Кончилась зима, прошла весна, стало над селом тяжелое жаркое лето. Дождей не было с конца мая, и хлеба стояли низкие, худые. Откуда-то с юга налетали быстрые горячие ветры, свободно раскатывались по ровным полям, вздымая к небу сухую горькую пыль. Солнце густо просаливало рубахи мужиков, выбеливало бабьи косынки, разгоняло с улицы все живое. По ночам стояла тяжелая неподвижная духота, дома топорщились раскрытыми створками окон, молчали даже собаки, утомленные небывалой жарой. По вечерам все жадно припадали к приемникам, слушали сводки погоды, гадали, когда пойдут дожди. Дожди были обещаны уже дважды, но то ли врало радио, то ли иссякали они где-то по пути. Собирались по вечерам черно одетые старухи, раскрывали засаленные Евангелия, нестройно бубнили слабыми голосами:

– Итак, братия, будьте долготерпеливы до пришествия Господня. Вот земледелец ждет драгоценного плода от земли и для него терпит долго, пока получит дождь ранний и поздний. Долготерпите и вы, укрепите сердца ваши; потому что пришествие Господне приближается...
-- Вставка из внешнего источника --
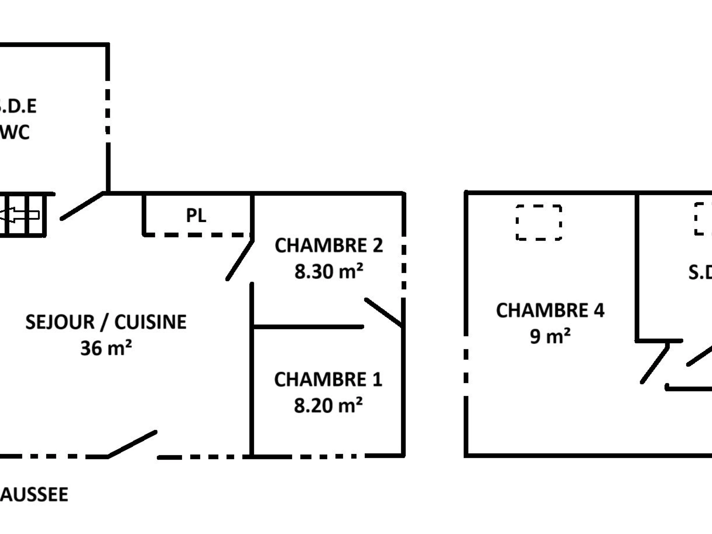 RDC: cuisine aménagée ouverte sur salon/séjour avec cheminée (2 marches pour accéder au salon), 2 chambres traversantes (1: 2 lits 80x190 jumelables, 2: 2 lits 90x190 jumelables), grande salle d'eau avec 2 douches séparées et 1 WC, 1 chambre (2 lits 90x190 jumelables) avec salle d'eau/wc attenants.

Застав однажды у себя такое сборище, Афанасий Казаков, могучий старик с красивым коричневым лицом, с минуту прислушивался к этому бормотанию и вдруг рявкнул:

– Ах вы, сучки чернохвостые, чего мелете? К долготерпению призываете, на господа надеетесь?! Тут и так с души воротит, а вы еще... А ну, геть отсюда, и чтобы мертвечины этой я больше не слыхал!

– Да ты что, отец, – укоризненно начала его жена, – не гневи бога...

– Вот, мать вашу с вашим богом! – затрясся Афанасий, хватаясь за стул, и старухи, подобрав юбки, кинулись к двери, испуганно крестясь и бормоча под нос:

– Свят, свят, господи...

Злобилась деревня, готовилась к скудной зиме, на ходу перекраивала давно выношенные планы. Начали весной строить крытый ток, а сейчас бросили: денег не хватало. Отказались от двух уже присланных машин – долги и без того намечались немалые. И в домах кроили и так, и эдак, покупали только самое необходимое. По утрам оглядывали синее, жаркое уже небо, тоскливо думали: когда же дождь?

Не было дождей.

И черные старухи пугали друг друга осторожным шепотом:

– Препояшьтесь вретищем и власяницами, оплакивайте сыновей ваших и болезнуйте; потому что приближается ваша погибель. Послан на вас меч, – и кто отклонит его? Послан на вас огонь, – кто угасит его? Посланы на вас бедствия, – и кто отвратит их?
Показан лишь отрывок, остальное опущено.